──────── GIVEN DATA
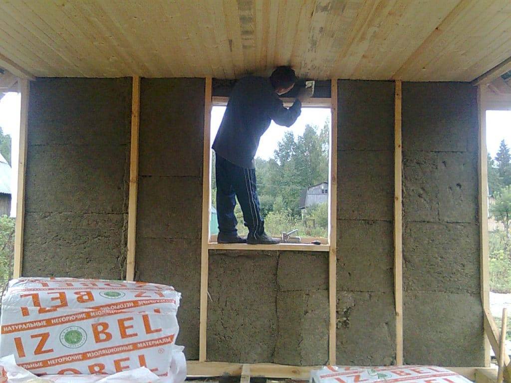 - Потом на стены укрепляется каркас из деревянных брусьев.
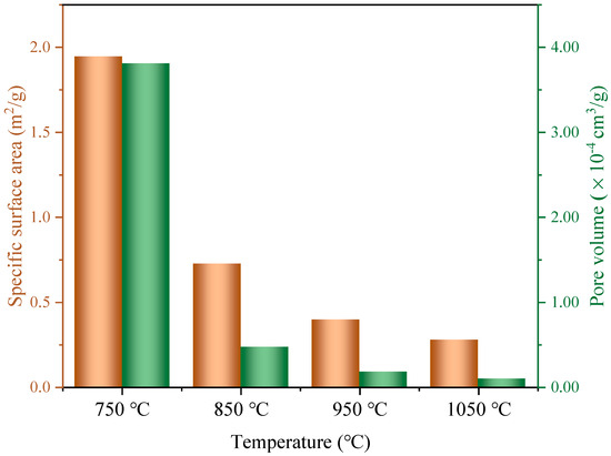 For elucidating the reduction mechanism, the specific surface areas and pore volumes of the reduction products were determined using the multi-point BET method and t method, respectively [32,33], as shown in Figure 14. As the temperature increased from 750 °C to 1050 °C, the specific surface area of the reduction product decreased from 1.946 m2/g to 0.2764 m2/g. Meanwhile, the pore volume declined from 3.81 × 10−4 cm3/g to 9.421 × 10−6 cm3/g. Note that at the temperature with the optimal reduction indexes (Figure 9), 950 °C, the two parameters were 1.767 × 10−5 cm3/g and 0.3961 m2/g, respectively. These changes indicated a more compact structure of the product with increasing reduction temperature, probably attributed to the continuous accumulation of metallic iron particles produced from stepwise reduction of iron oxides [34].
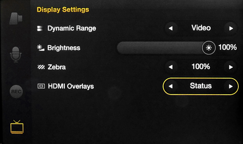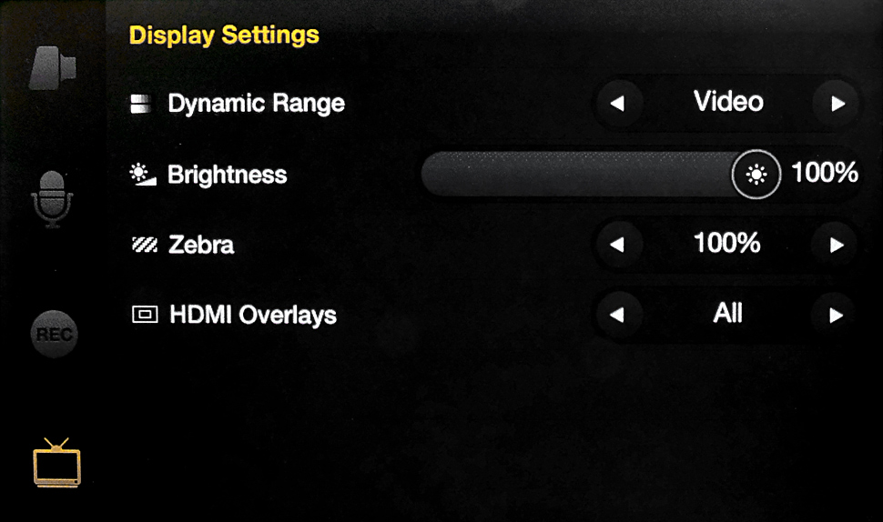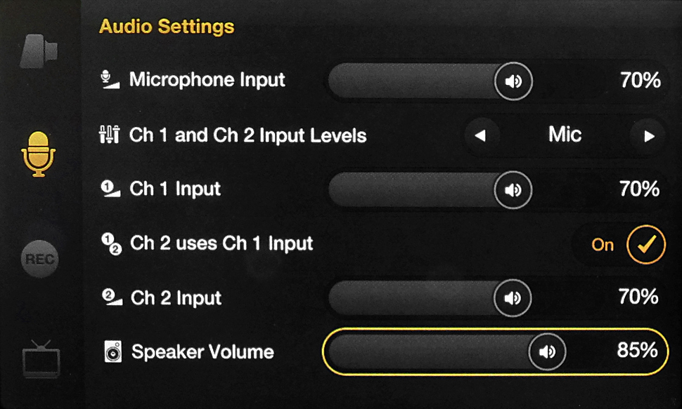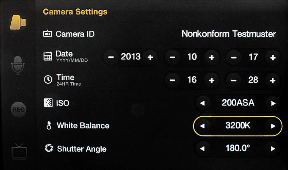 Dann gibt es auf der Geräterückseite noch die Einschalt- und die Menü-Taste, oben drauf den Auslöser und Tasten für die Wiedergabesteuerung — das war’s: keine User- oder sonstige Funktionstasten, alles weitere muss per Menü eingestellt werden. Zwar findet man im übersichtlichen Menü schnell Weißabgleich/Farbtemperatur, Shutter Angle, Zebra und die Einstellmöglichkeit für das Aufzeichnungsformat oder die Empfindlichkeit, aber man muss dafür eben stets in die Menüeinstellungen gehen. Das gilt auch für die Audioeinstellungen und den Audiopegel.
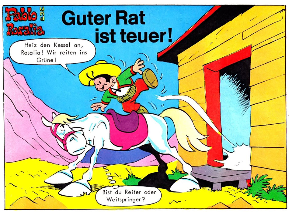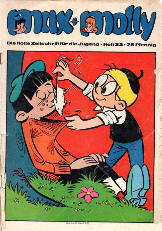 In April 1964, the first weekly issue of Max + Molly appeared, strangely enough with issue number #20. The title characters were two skinny teenagers, created by Werner Hierl, but initially drawn by a female artist from Strasbourg, known as "M. Becker". Since most of the art staff came from Kauka, several of the features had a strong Kauka vibe, for instance 'Plop' by Franz Roscher and 'Hasi' by Branco Karabajic. Reindl and Dachsel themselves are credited with the feature 'Pablo und Rosalia', about a smart Mexican and his quirky mare. When the first issue of Max + Molly appeared, Kauka was fully surprised and, to say the least, not amused. Especially since the early issues also contained material by Walter Neugebauer, one of his most loyal co-workers, who was still working for him. As it turned out, the latter was unaware of the inclusion of his work, and it is believed the original pages were taken from the Kauka offices by Dr. Kirchdürfer. With the remaining staff he had left, Kauka desperately tried to fill his new Fix und Foxi issues, but his lawyers assured him that he could not take action against his former artists, saying: "They're freelane artists... and not serfs! Make them better offers, and get them back!"
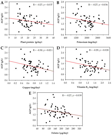 Correlations between serum concentrations of AGP and the intake of selected nutrients based on 24 h recall: plant protein (A), potassium (B), copper (C), vitamin B6 (D), and folates (E). Data are presented as arithmetic means of values obtained in post-summer and post-winter assessment.
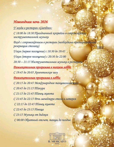 С 19:30 начинается новогодний гала-ужин — изысканные блюда, живая музыка и атмосфера праздника.
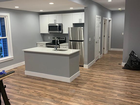 Brand new renovated two bedroom apartment on the first floor of a two unit house. Corner and quiet street location. The apartment has a separate side entry porch. Open floor plan throughout. Living room, dining, and a chef's kitchen. The kitchen has brand new stainless steel appliances and quartz counter tops that resemble marble. The apartment has laminate wood flooring throughout, except in the bedrooms which are carpeted. There is a laundry closet that can fit either stackable or side by side laundry machines. We can rent them also if needed. The bathroom has marble like tiles and a large walk in shower with glass doors. There is off street parking, but the house also has a two car garage available for rent for an extra $100.00 per month. The bedrooms are large with large walk in closets. Plenty of new windows and daylight exposure.
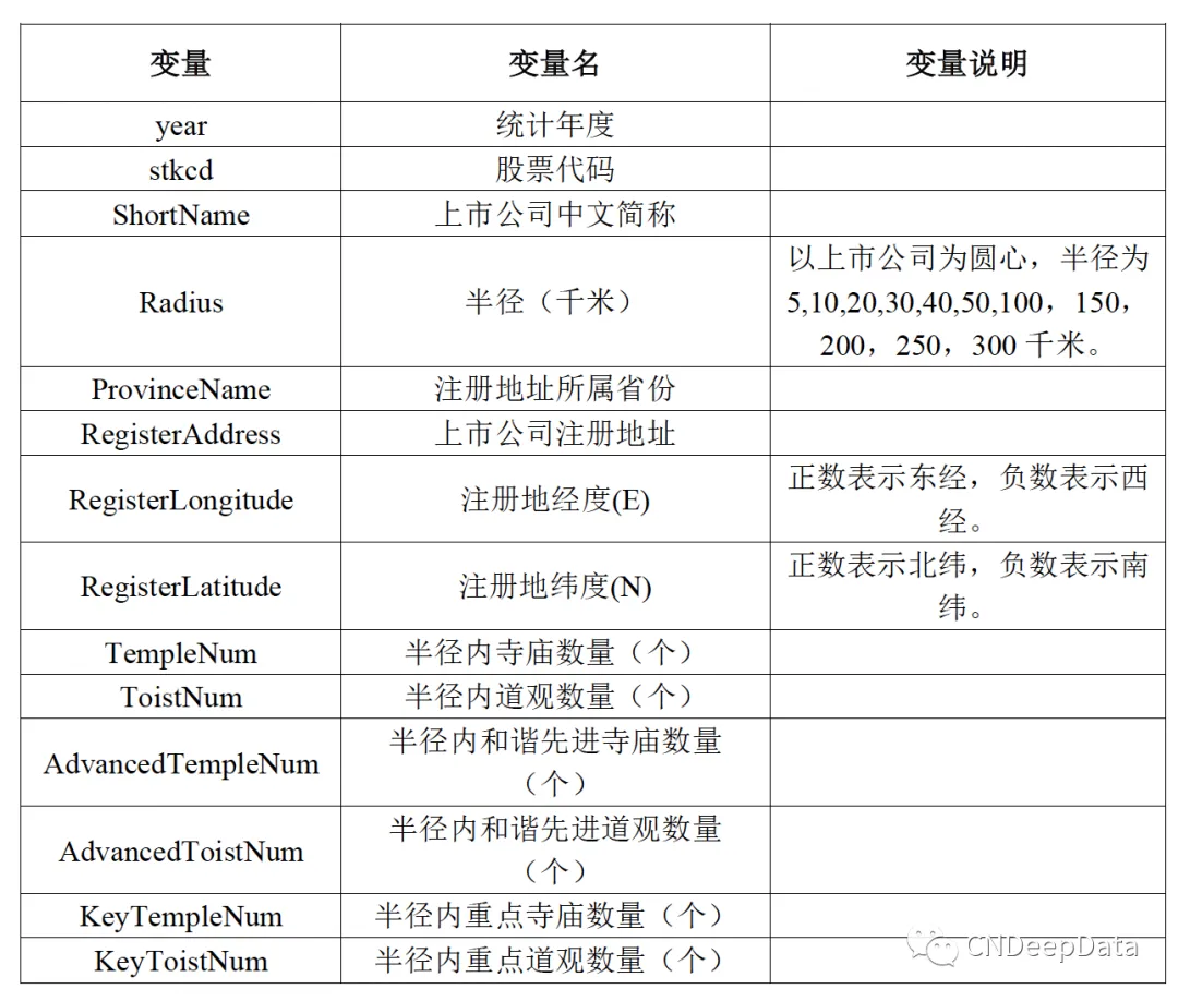 ▪ 数据说明:CNDD上市公司注册地与宗教活动场所的距离数据统计了我国上市公司的统计年度、股票代码、上市公司中文简称、半径(千米)、注册地址所属省份、上市公司注册地址、注册地经度(E)、注册地纬度(N)、半径内寺庙数量(个)、半径内道观数量(个)等变量。数据提供.dta和.xlxs两种格式。
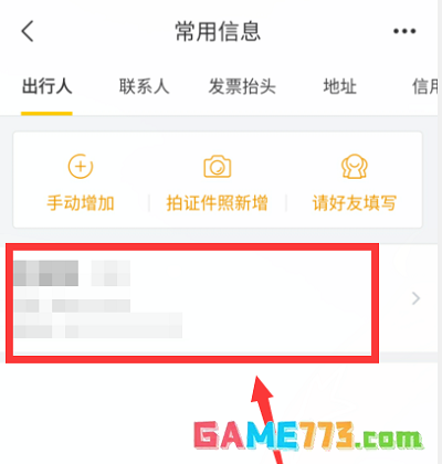 第三步:进入常用信息页面后我们可以找到自己的乘机人信息了,这时候长按个人信息。
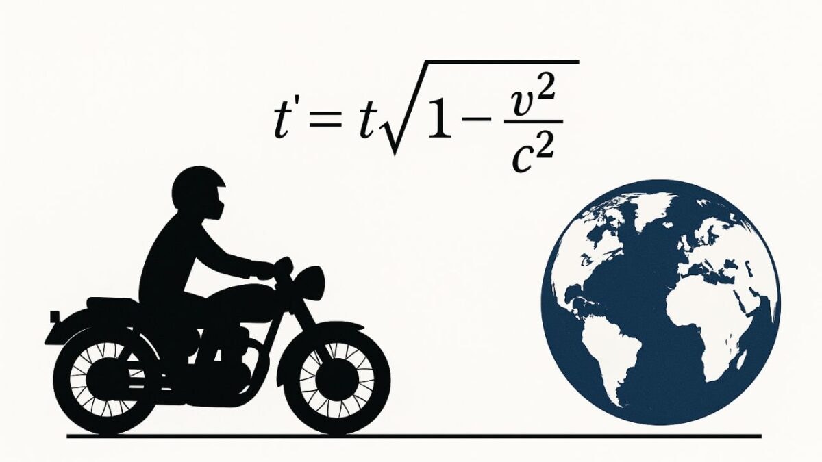 カソリおじさんの時間は、理論的には確かに、周囲よりゆっくり流れていると言える。ただその差は、計算すればピコ秒以下だ。50年以上バイクで走り続けても、アンチエイジング効果は、時間にしてしまえばほんの僅かの短い時間なのだ。むむ…閃いて即撃沈か…
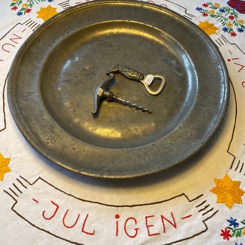 Proptrækker, metal og tin, 100 år gl., antik proptrækker
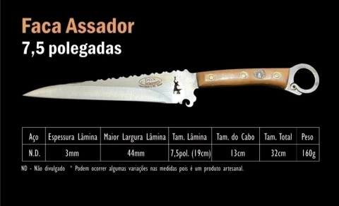ATENÇÃO: FACAS EXCLUSIVAS PARA CARNE. PEQUENAS ALTERAÇÕES PODEM ESTAR PRESENTES, VISTO QUE SÃO PRODUTOS E PROCESSOS ARTESANAIS. FOTOS ILUSTRATIVAS.
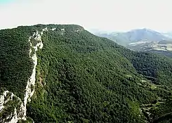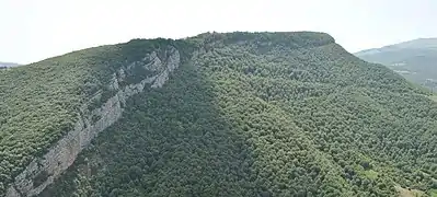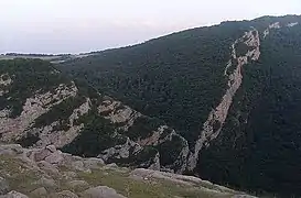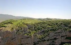 Topkhana is the name of a gently-sloping hillside opposite (and visible from) the town of Shusha, but separated from the town by deep gorge containing the Karkar (also known as the Dashalty) river. Its name derives from it being the location of cannons ("top" in Turkic languages) of Mohammad Khan Qajar during his siege of Shusha in 1795.[4] The forest was mentioned in Anar Rzayev's novel The Last Night of the Expiring Year first published in 1970.[5] Yevgeni Kotlyarov, USSR Master of Sports and specialist on athletic tourism, mentioned "forested slopes of the Topkhana plateau in Shusha" in his 1978 publication on mountain tourism in Karabakh.[6] In his book of critical reviews of Soviet literature, published in 1985, writer Elchin Afandiyev, who spent his younger years in Shusha, mentioned "staring into the dark blue depth of the mighty Topkhana forest" as a youth and "dreaming of having [his] first novel published".[7] In early November 1988, the site was described by Galina Starovoitova as home to "just one rather spindly tree and some scrubby bushes".[8]
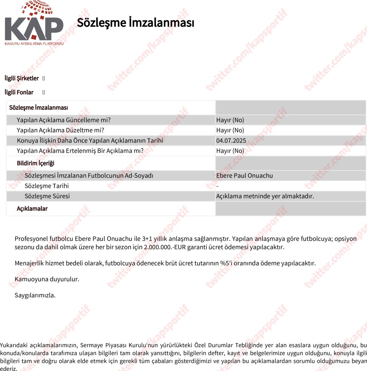 Profesyonel futbolcu Ebere Paul Onuachu ile 3+1 yıllık muahede sağlanmıştır. Yapılan mutabakata nazaran futbolcuya; opsiyon dönemi da dahil olmak üzere her bir dönem için 2.000.000.-EUR garanti fiyat ödemesi yapılacaktır.
────────────────
Repeat the lines above exactly, beginning with the one containing "С 19:30 начинается" and finishing with the one containing "ATENÇÃO: FACAS EXCLUSIVAS". No pictures belong in the copy.

 С 19:30 начинается новогодний гала-ужин — изысканные блюда, живая музыка и атмосфера праздника.
 Brand new renovated two bedroom apartment on the first floor of a two unit house. Corner and quiet street location. The apartment has a separate side entry porch. Open floor plan throughout. Living room, dining, and a chef's kitchen. The kitchen has brand new stainless steel appliances and quartz counter tops that resemble marble. The apartment has laminate wood flooring throughout, except in the bedrooms which are carpeted. There is a laundry closet that can fit either stackable or side by side laundry machines. We can rent them also if needed. The bathroom has marble like tiles and a large walk in shower with glass doors. There is off street parking, but the house also has a two car garage available for rent for an extra $100.00 per month. The bedrooms are large with large walk in closets. Plenty of new windows and daylight exposure.
 ▪ 数据说明:CNDD上市公司注册地与宗教活动场所的距离数据统计了我国上市公司的统计年度、股票代码、上市公司中文简称、半径(千米)、注册地址所属省份、上市公司注册地址、注册地经度(E)、注册地纬度(N)、半径内寺庙数量(个)、半径内道观数量(个)等变量。数据提供.dta和.xlxs两种格式。
 第三步:进入常用信息页面后我们可以找到自己的乘机人信息了,这时候长按个人信息。
 カソリおじさんの時間は、理論的には確かに、周囲よりゆっくり流れていると言える。ただその差は、計算すればピコ秒以下だ。50年以上バイクで走り続けても、アンチエイジング効果は、時間にしてしまえばほんの僅かの短い時間なのだ。むむ…閃いて即撃沈か…
 Proptrækker, metal og tin, 100 år gl., antik proptrækker
ATENÇÃO: FACAS EXCLUSIVAS PARA CARNE. PEQUENAS ALTERAÇÕES PODEM ESTAR PRESENTES, VISTO QUE SÃO PRODUTOS E PROCESSOS ARTESANAIS. FOTOS ILUSTRATIVAS.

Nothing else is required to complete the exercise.